Firstly, we show that $\lim_{n\rightarrow\infty}f_{n}(x)$ exists for all $x\in[0,1]$. Let $x\in[0,1]$. Let $\varepsilon>0$ be arbitrary. By equicontinuity, there exists $\delta>0$ such that $|f_{n}(x)-f_{n}(y)|<\varepsilon$ whenenver $n\in\mathbb{N}$ and $y\in[0,1]\cap(x-\delta,x+\delta)$. By density of $\mathbb{Q}$, there exists $r\in[0,1]\cap(x-\delta,x+\delta)$. Choose $N$ such that $|f_{n+p}(r)-f_{n}(r)|<\varepsilon$ whenever $n\geq N$ and $p\in\mathbb{N}$ (this is possible because $\{f_{n}(r)\}_{n}$ is convergent). For any $n\geq N$ and $p\in\mathbb{N}$, we have \begin{eqnarray*} & & |f_{n+p}(x)-f_{n}(x)|\\ & \leq & |f_{n+p}(x)-f_{n+p}(r)|+|f_{n+p}(r)-f_{n}(r)|+|f_{n}(r)-f_{n}(x)|\\ & < & 3\varepsilon. \end{eqnarray*} This shows that $\{f_{n}(x)\}$ is a Cauchy sequence and hence it converges.

Next, we show that $\{f_{n}(x)\}$ converges uniformly in $x$. Let $\varepsilon>0$ be arbitrary. By equicontinuity, for each $x\in[0,1]$, there exists $\delta_{x}>0$ such that $|f_{n}(x)-f_{n}(y)|<\varepsilon$ whenever $y\in[0,1]\cap(x-\delta_{x},x+\delta_{x})$ and $n\in\mathbb{N}$. Note that $\{(x-\delta_{x},x+\delta_{x})\mid x\in[0,1]\}$ is an open convering for the compact set $[0,1]$, so it has a finite subcover $\{(x_{i}-\delta_{x_{i}},x_{i}+\delta_{x_{i}})\mid i=1,\ldots,K\}$. Choose $N$ such that $|f_{n+p}(x_{i})-f_{n}(x_{i})|<\varepsilon$ whenever $n\geq N$, $p\in\mathbb{N}$, and $i=1,2,\ldots,K$. Now, let $x\in[0,1]$, $n\geq N$, and $p\in\mathbb{N}$ be arbitrary.
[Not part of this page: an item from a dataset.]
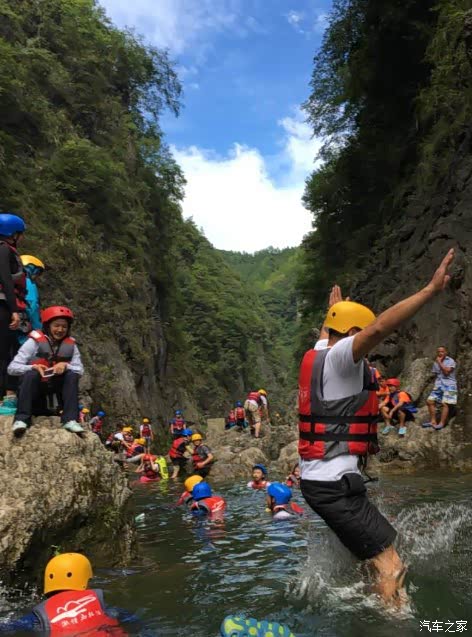 18日晨8时,车队集结前往40公里外的马拉河。9点30分,车队顺利到达马拉河,拉开了马拉河漂流之旅。素有“人间瑶池”之雅称的马拉河,坐落在美丽的湘西永顺境内,北倚老司城,南通猛洞河,东临芙蓉镇,西与灵溪镇相接,以其河道两岸绝壁陡峭,岩石嶙峋美丽,滩险壁绝,水质清澈、大小潭无数、瀑布十余条迭起、险滩二十余处而闻名。炎炎烈日下,马拉河是再适合不过的好去处了。车友们玩乐其间,集跳潭、游泳、徒步、溯溪、穿洞为一体,这种体验式的游玩,大家乐享其成,其乐无穷,纷纷感谢主办方的周至安排。

Choose $i$ such that $x\in (x_{i}-\delta_{x_{i}},x_{i}+\delta_{x_{i}})$. We have \begin{eqnarray*} & & |f_{n+p}(x)-f_{n}(x)|\\ & \leq & |f_{n+p}(x)-f_{n+p}(x_{i})|+|f_{n+p}(x_{i})-f_{n}(x_{i})|+|f_{n}(x_{i})-f_{n}(x)|\\ & < & 3\varepsilon. \end{eqnarray*} This shows that $\{f_{n}(x)\}$ is uniformly Cauchy in $x$ and hence $\{f_n\}$ converges uniformly.

Answer 3

This is actually a simple case of applying the Arzela-Ascoli Propagation Theorem which states:

Point-wise convergence of an equicontinuous sequence of functions on a dense subset of the domain propagates to uniform convergence on the whole domain.
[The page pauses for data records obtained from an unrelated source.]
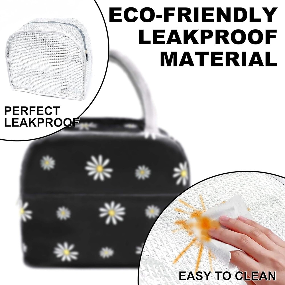 Sonuimy Insulated Lunch Bag for Women & Men, Reusable Leakproof Tote (Black with White Daisy) 【HIGH QUALITY】The insulated lunch box bag is made of high quality high-density oxford cloth and food-grade waterproof aluminum foil to prevent tears and ensure maximum durability, can be leakproof, easy to clean and reusable 【JUST THE RIGHT SIZE】About 9 x 6 x 7.9 inches and weighing only 0.21 pounds, this insulated tote lunch bag is light in weight but big enough to easily hold all the food and dinnerware as you want (lunch box containers, food, fruit, snacks, canned drinks) 【KEEP YOU FOOD FRESH】The cooler lunchbox bag can keep food warm and fresh for a long time, keep your drinks cold, don't worry about food spoilage, it's like a good assistant for your life 【PERFECT DESIGN】Lunch bag with tote style and front pocket design, you can put in some small stuffs you need in life: keys, cards, tissues, cell phone etc.Cute Floral pattern style lunch bag ,ideal gift for teen women or ladies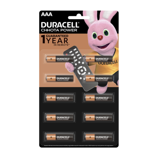 Duracell Chhota Power Alkaline AAA – Guaranteed 1 year in remote*. Simplify your life with guaranteed power from Duracell Chhota Power, best for use in low to moderate-drain devices, like remote controls or clocks. Duracell Chhota Power batteries are available in sizes AA & AAA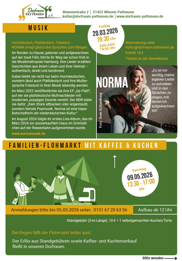 Bitte meldet euch über kontakt@dorfraum-pattensen.de an, damit wir besser planen können.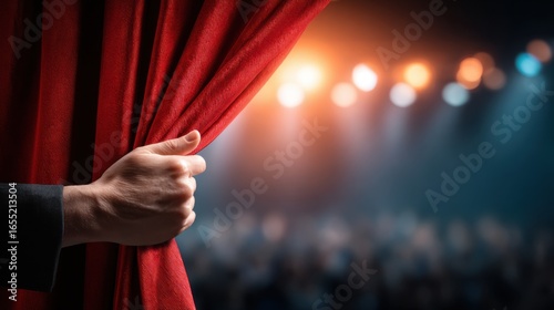 >Plakat>A hand grips the edge of a red theater curtain, ready to reveal the upcoming performance. The audience waits in anticipation, surrounded by vibrant stage lights that illuminate the air.

The rational numbers, $\mathbb{Q}$, are dense in the interval $[0,1]\subset \mathbb{R}$. So if <${f_n(r)}$> is converging to some function $f$ for every $r\in\mathbb{Q}$ $\cap$ $[0,1]$, the convergence will propagate to uniform convergence on all of $[0,1]$.

A proof of this theorem can be found on page 227 of Real Mathematical Analysis by Charles Pugh.